At once, the girl fell silent. She stood there, in the small, snow-covered clearing just outside of the cabin she’d made home, which somehow hadn’t sustained as much damage as she feared. Snow trickled down upon her puffed shoulders, and her red skirt lightly billowed as she bent down to retrieve her ruined cape and hood.
She dragged the cloth gracelessly along the ground, grabbing the weapon she’d dropped just outside the cabin’s entrance.
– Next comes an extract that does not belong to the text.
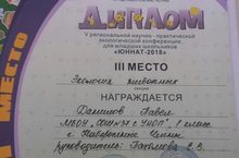 Поздравляем ученика 1в класса Данилова Павла, занявшего III место в V Региональной научно-практической

Quietly, as if hoping someone would be there to surprise her with… anything good, she stepped through the doorway, shutting the door and locking it tightly, before dropping both cloak and scythe right behind it.
The girl walked slowly through the cabin, that lonely cabin— every fraction so utterly, painfully unremarkable, as though time itself, or whatever entity there might possibly be out there, had never meant for it to be— until she reached the bedroom.
Snow pounded against the roof of the cabin. Its windows, already cracked and worn with age, had completely misted over from the cold, shining a pallid white glow into the darkness of the bedroom.
In that bedroom, only two pieces of furniture, both coated half in scratches and half in dust, remained— a wooden closet that was nearing its end, and a ragged, half-broken bed, where a girl sat at its side, staring, again, at the wall.